Dans son discours d’investiture du 4 juin 2025, le président Lee Jae-myung a prôné le renforcement de l’alliance avec les États-Unis et celui de la coopération trilatérale engagée par son prédécesseur avec Washington et Tokyo. Il a également évoqué l’ouverture de perspectives de dialogue avec la Corée du Nord bien que celle-ci se soit employée à détruire tous les symboles des relations intercoréennes tout au long de l’année 2024, rompant quelque peu avec la fermeté affichée par la présidence Yoon. Cette approche pragmatique, si elle se confirmait dans les faits, tranche avec le positionnement traditionnel de la diplomatie du Parti démocrate, généralement arcbouté sur les questions mémorielles face au Japon. Si elle peut provoquer des remous au sein de sa base électorale, la poursuite du rapprochement avec le Japon ne peut qu’être appuyée par le parti conservateur.

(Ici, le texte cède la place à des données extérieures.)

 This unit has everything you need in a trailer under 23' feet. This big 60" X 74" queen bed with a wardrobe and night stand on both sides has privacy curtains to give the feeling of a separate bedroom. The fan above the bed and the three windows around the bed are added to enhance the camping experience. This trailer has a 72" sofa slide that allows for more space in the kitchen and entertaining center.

La relation avec les États-Unis constitue un autre sujet susceptible de provoquer des réactions populaires significatives. Dans l’immédiat, le gouvernement doit faire face à certaines turbulences, principalement en raison de la logique transactionnelle de Donald Trump, y compris pour ses plus proches alliés. Séoul est ainsi en butte aux menaces répétées du Président américain en matière de droits de douane sur l’acier, l’aluminium, les semi-conducteurs et les automobiles, produits qui représentent près de la moitié des exportations sud-coréennes vers les États-Unis. Par ailleurs, la problématique du « partage du fardeau » des coûts des bases militaires américaines en Corée du Sud où 28 500 soldats sont installés est un autre sujet délicat – et ce depuis longtemps – alors que les autorités avaient conclu en 2024 un accord avec l’administration Biden portant leur charge à 1,05 milliard de dollars américains en 2026 soit une augmentation de 8,3 % par rapport à 2025.

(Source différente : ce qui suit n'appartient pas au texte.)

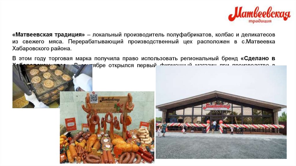 «Матвеевская традиция» – локальный производитель полуфабрикатов, колбас и деликатесовиз свежего мяса. Перерабатывающий производственный цех расположен в с.Матвеевка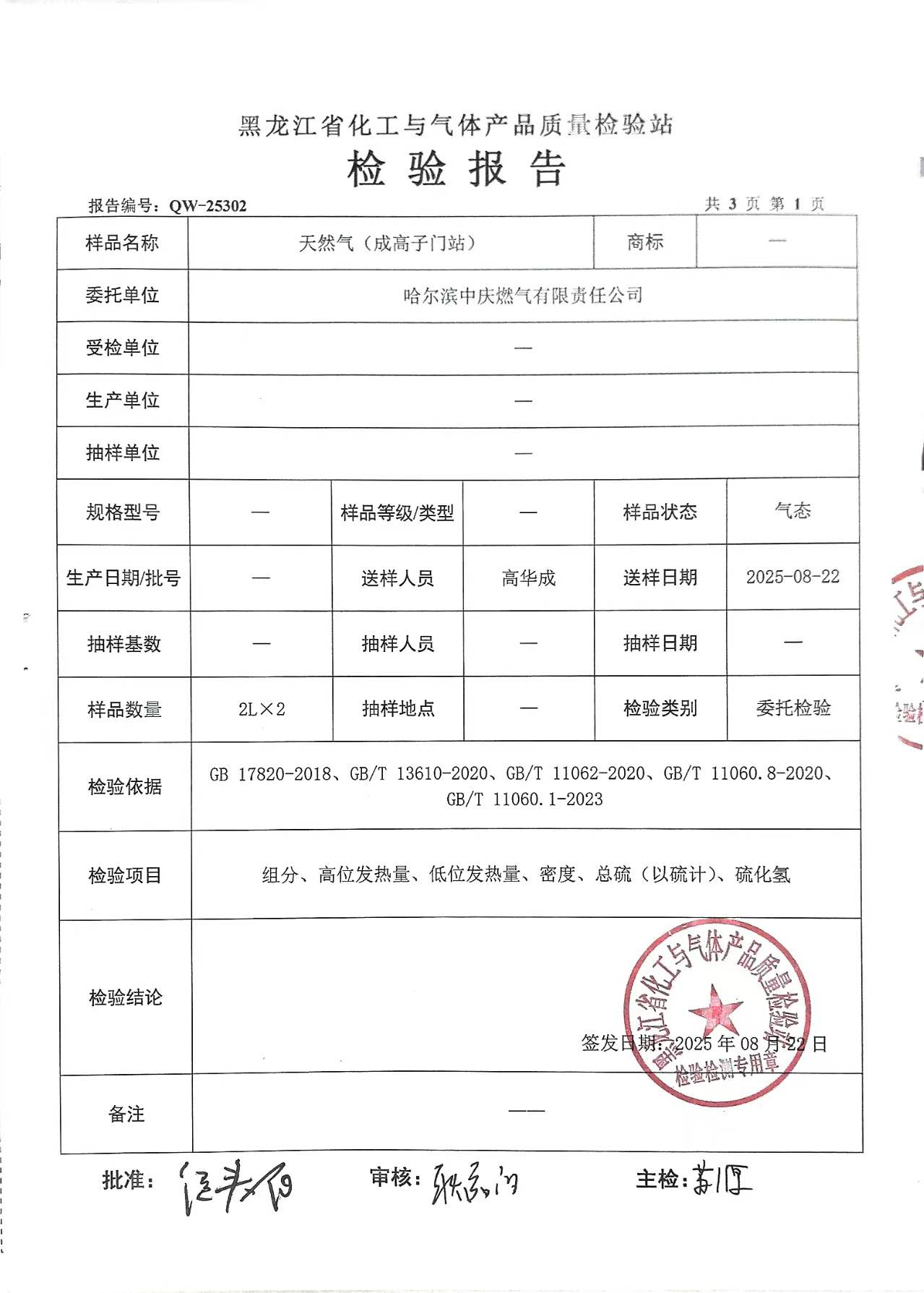 燃?xì)鈾z驗(yàn)報(bào)告2025年9月

Autre difficulté prévisible, la stratégie d’équilibre traditionnelle que le Parti démocrate a toujours cherché à maintenir entre Washington et Pékin risque de trouver ses limites en raison de la priorité mise par l’administration américaine à l’endiguement de la Chine. Tout en adressant ses félicitations au Président Lee, le secrétaire d’État Marco Rubio a ainsi évoqué des « interférences chinoises » dans le cours des élections coréennes. Or, la Chine constitue l’un des premiers partenaires commerciaux de la Corée du Sud.